Are there any signs it might be different? Wise elders stepping up into power-positions government, perhaps? Examples of restraint and humility by the rich & famous? Social unrest being taken as sign to 'talk to the people', rather than taser them? I'm looking for signs of hope. I don't see much. Meanwhile where I live, we build community, do exchanges without money, and learn to be self-reliant. It might not be the answer, but a remnant needs to survive at least.
I had a discussion on the same topic of AI taking jobs away with one of the most intelligent people I know and an original thinker earlier today, and here is our conclusion:
1. Implementation is where the rubber meets the road.
There’s always a gap between theoretical capabilities and practical implementation. While AI may seem powerful in controlled environments, the real world is full of edge cases—unpredictable scenarios that systems weren't designed to handle. These edge cases often reveal the limitations of even the most advanced technologies.
For example:
- Autonomous vehicles: Despite their impressive capabilities in ideal conditions, challenges like lousy weather, unpredictable pedestrians, and local traffic laws have slowed their rollout.

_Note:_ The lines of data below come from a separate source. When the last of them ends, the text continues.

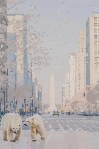 A photorealistic image of the obelisk of Buenos Aires, Corrientes Avenue, with three with polar bears in the middle of the street. Light pastel colors, ethereal light, a bit out of focus --ar 4:7 --sref 3840558885 --v 6.0 --s 250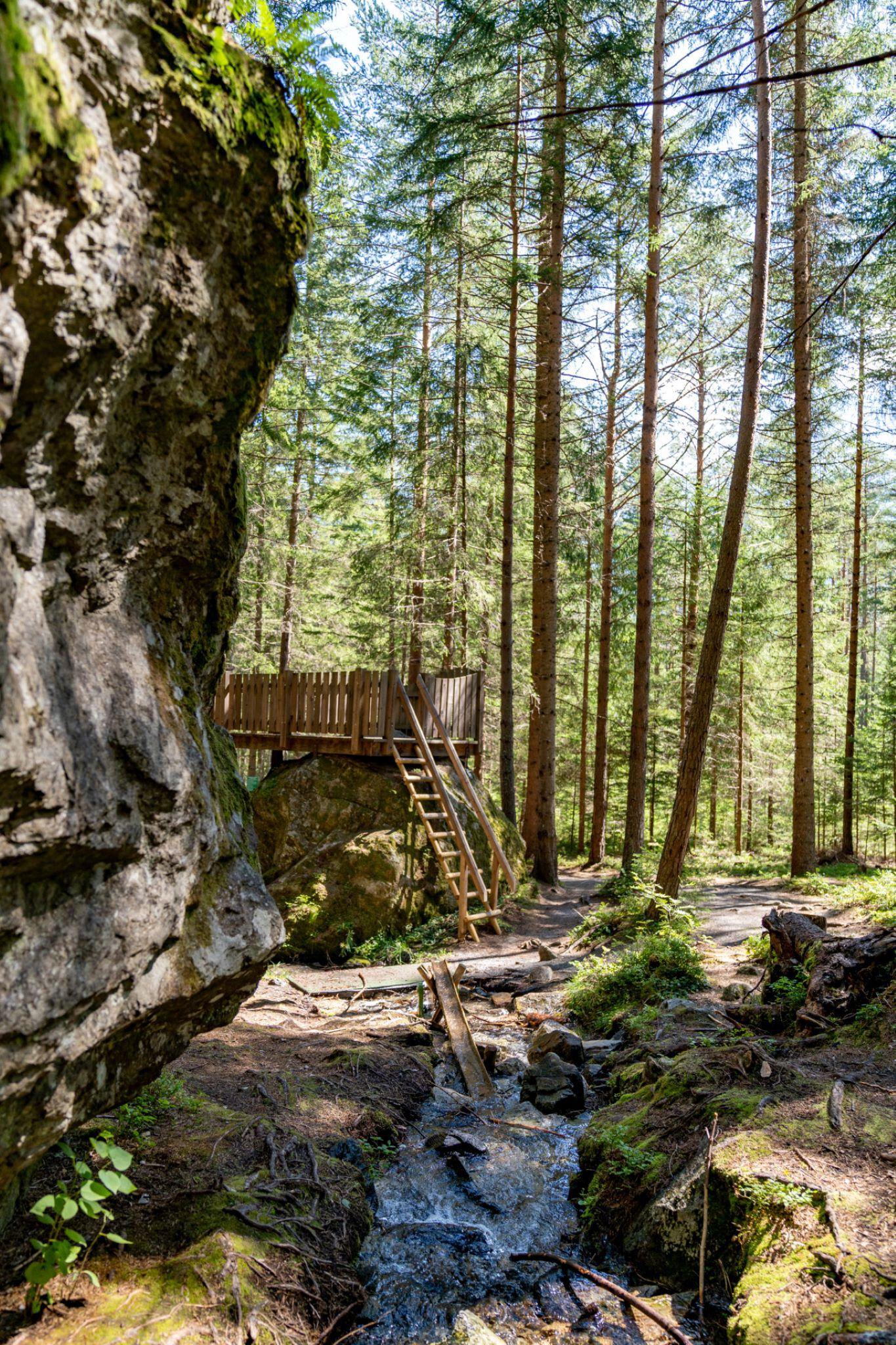 Gleich neben dem äußerst ruhig gelegenen Winkelbergsee verbirgt sich im Wald ein kleiner Natur-Wasserspielplatz für Kinder.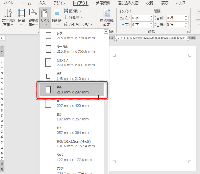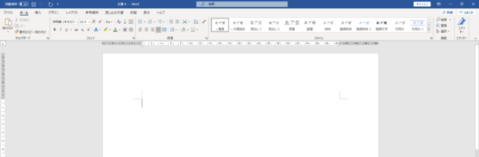 ワードの初期設定では、最初に新規文書(白紙の文書)を作成した場合は自動的にA4サイズの用紙が開きます。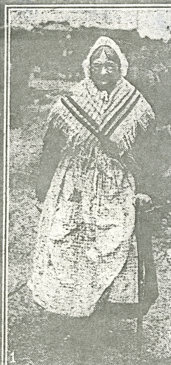 Description: Cutting of a Mary Palmer dressed in traditional costume.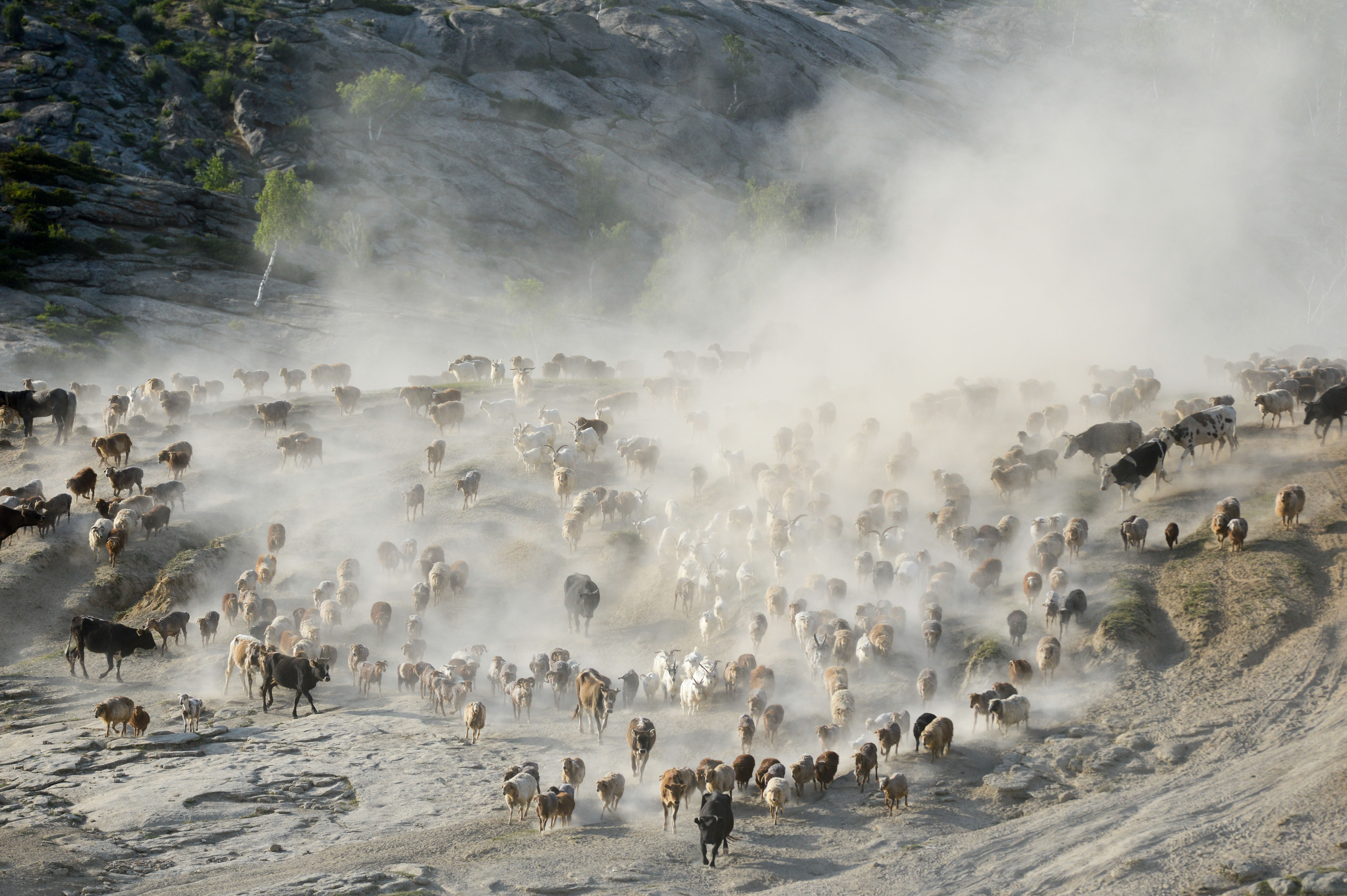 A flock of livestock are on a trip for summer pasture, northwest China's Xinjiang Uygur Autonomous Region. (Xinhua/Ding Lei)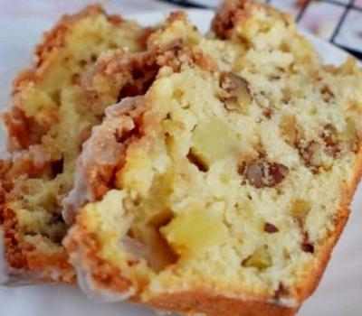 Delicious apple bread recipe is a quick, yeast-free dessert bread recipe. This bread turns out fluffy, moist, and sooo fragrant! It is filled with apple and nut pieces, with a cinnamon-sugar crust and glazes on top.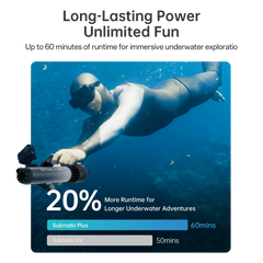 More thrust. More speed. More runtime. The Subnado Plus is the next-gen underwater scooter built for snorkellers, divers, and water-toy lovers who want serious performance without the bulk. At just 1.8 kg with an airline-compliant 98 Wh battery, it’s easy to travel with—yet it delivers smooth, responsive punch when you need it. Use it handheld for instant fun or mount it to your gear (accessories sold separately) for hands-free cruising.
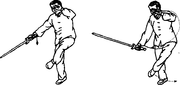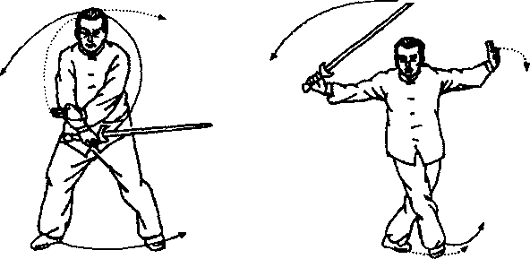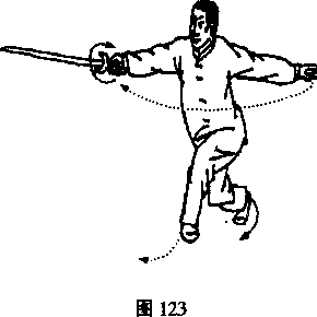 接上势左戟指向外(左)、向下走逆向弧线持剑腕逆转变阴手剑把向下抄至腹前与左小臂相交叉同时左足向东落步重心移至左腿(图121)紧接着两手向上翻右足经左膝前向东跨步左腿赶紧向东出步随即两臂向左右分开平伸此时右

- Healthcare AI: Models can diagnose diseases with incredible accuracy, but implementing them in hospitals requires regulatory approval, integration with existing systems, and trust from doctors and patients.

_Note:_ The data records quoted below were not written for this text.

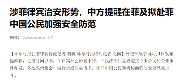 如今随着郭从愿的遇害,也让无数人看到菲律宾治安问题有多严峻,我国外交部在4月1日发布提醒称,近段时间内,由于菲律宾社会治安管理问题,各地政治集会、游行示威明显增多,在菲中国公民和机构面临的安全风险上升。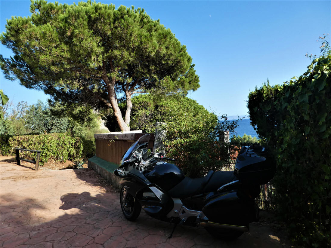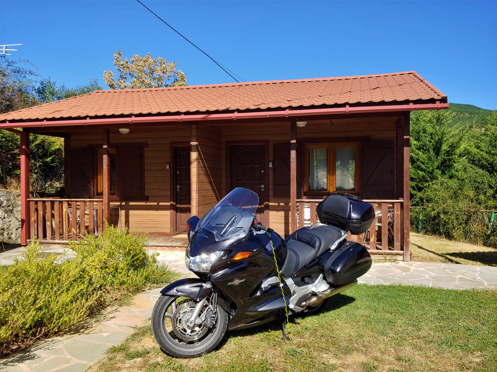 Mientras yo esperaba en la moto al cuidado de los bártulos Marisa estaba en la cola para que nos dieran el bungalow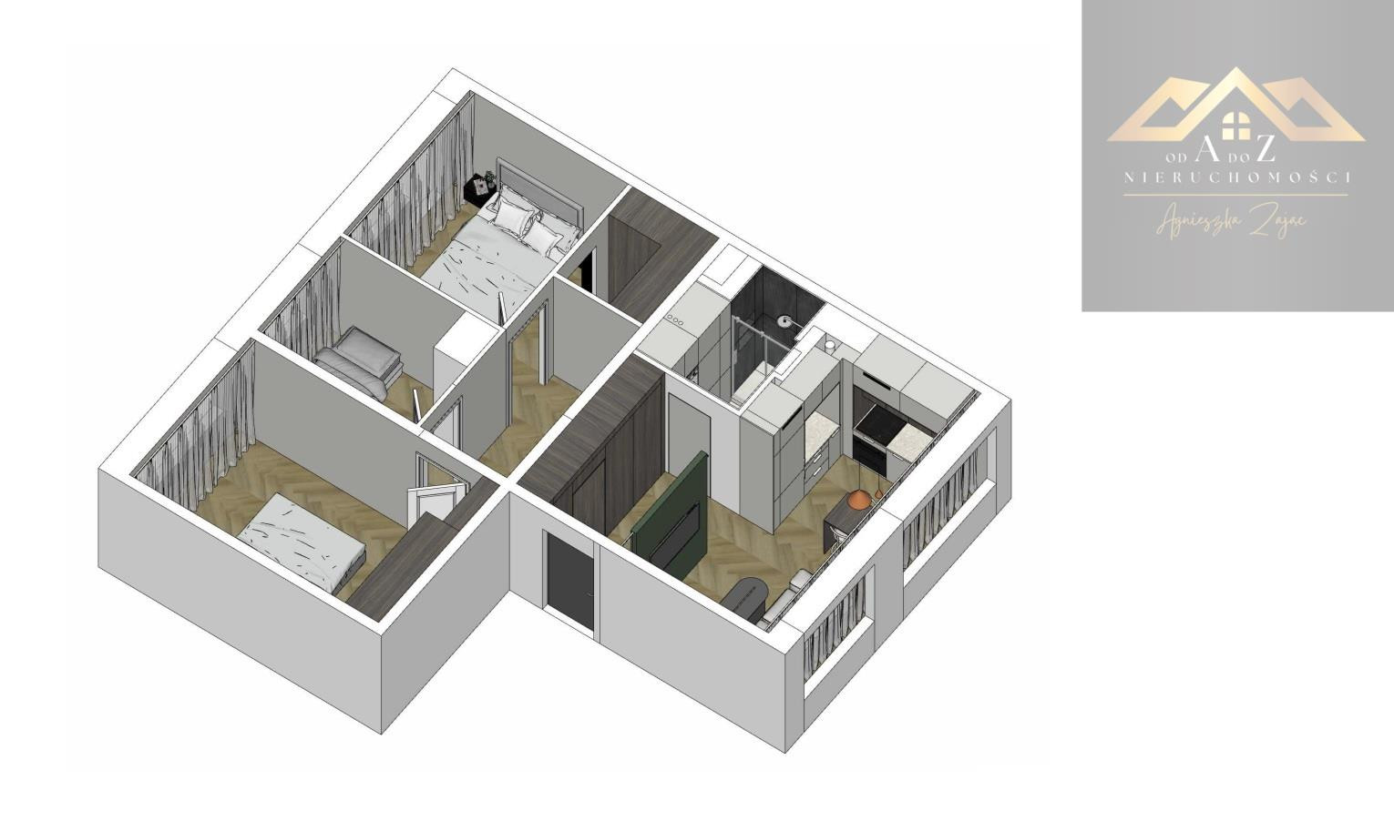 Funkcjonalny, czteropokojowy układ sprawdzi się zarówno dla rodziny, jak i pod inwestycję.

Ultimately, implementation is where the actual test of AI’s impact will occur. It’s not just about what AI can do but whether it can deliver consistent, reliable results in the messy realities of the world.
2. Capable by 2034, but not necessarily sufficient.

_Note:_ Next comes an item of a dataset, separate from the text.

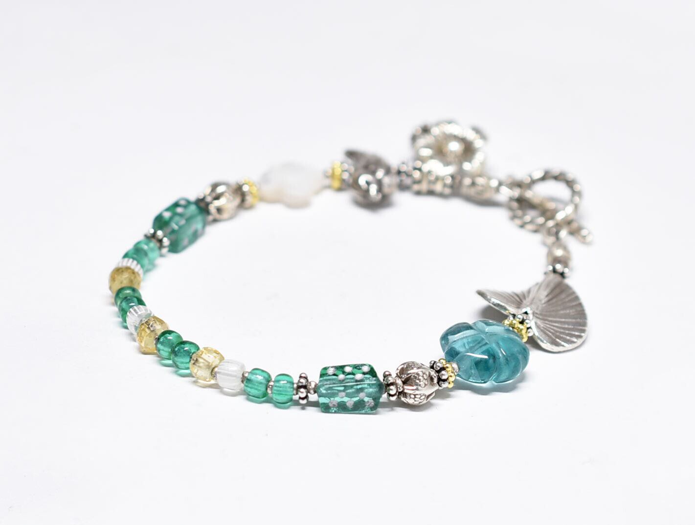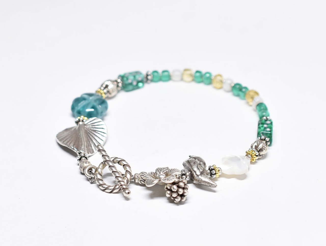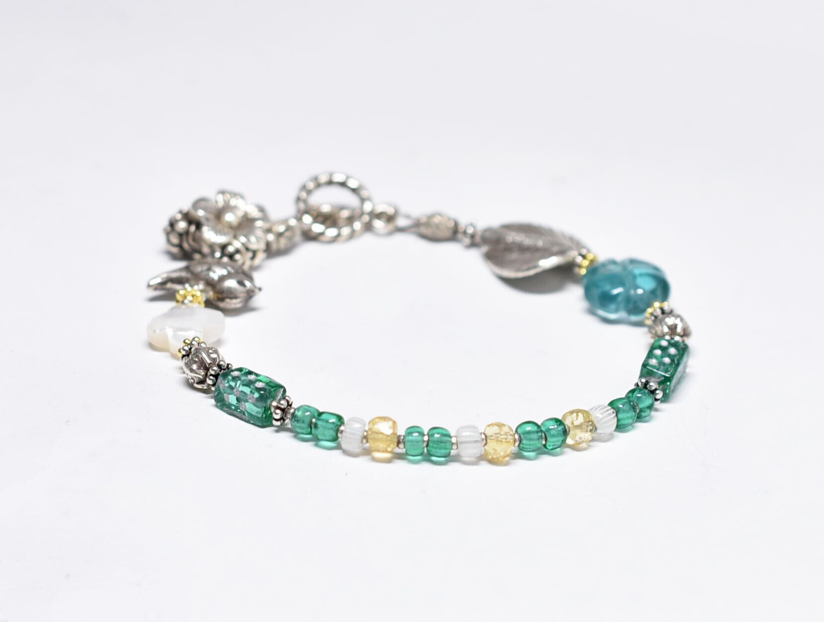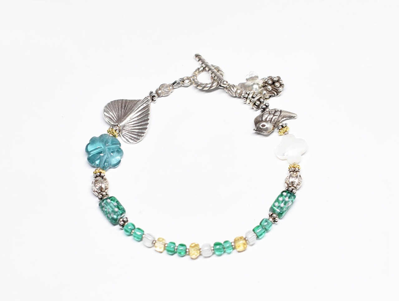 クローバーフローライト&白蝶貝、ダイスビーズ、グーズベリー、グリーンビーズ、シトリン、ボタニカル&小鳥カレンシルバーのブレス

The distinction between capability and utility is critical. By 2034, AI will almost certainly be capable of automating many tasks. However, just because it can do something doesn’t mean it will fully replace human roles or meet all needs.
For instance:
- AI might automate 95% of a job, but the remaining 5%—often involving creativity, ethical judgment, or empathy—could still require human involvement.
Broader systemic issues, like regulatory frameworks, public trust, and ethical alignment, might not be ready for AI to fully take over.
Even with advanced capabilities, we’ll likely see a hybrid model where AI handles repetitive or technical tasks while humans oversee and address the gaps it can’t fill.
3. Will it reach everyone? Probably not.
This reflects the reality that technological progress is rarely, if ever, evenly distributed. William Gibson’s famous quote—“The future is already here; it’s just not evenly distributed”—is a perfect fit.
We’ve seen this pattern with countless technologies:
- The internet revolutionized communication, but millions still lack reliable access.
- Advanced healthcare tools exist but often remain out of reach for low-income or rural populations.
Similarly, AI adoption will vary widely. Wealthier nations, industries, and companies will likely benefit first, while less developed regions or sectors may lag. Cultural, economic, and political factors will also shape how widely AI spreads. For many, the question may not be whether AI is capable but whether they’ll have access to it at all.
4. Human behavior and incentives drive innovation.
Humans are remarkably adaptable, and when faced with constraints, they often innovate unexpectedly. Incentives play a huge role in shaping outcomes. As Charlie Munger said, “Show me the incentive, and I’ll show you the outcome.”
AI will likely follow a similar pattern. While it will undoubtedly disrupt many roles, it will also create opportunities—especially if the right incentives encourage humans to collaborate with AI instead of competing against it.
I have some more thoughts. I will write them later.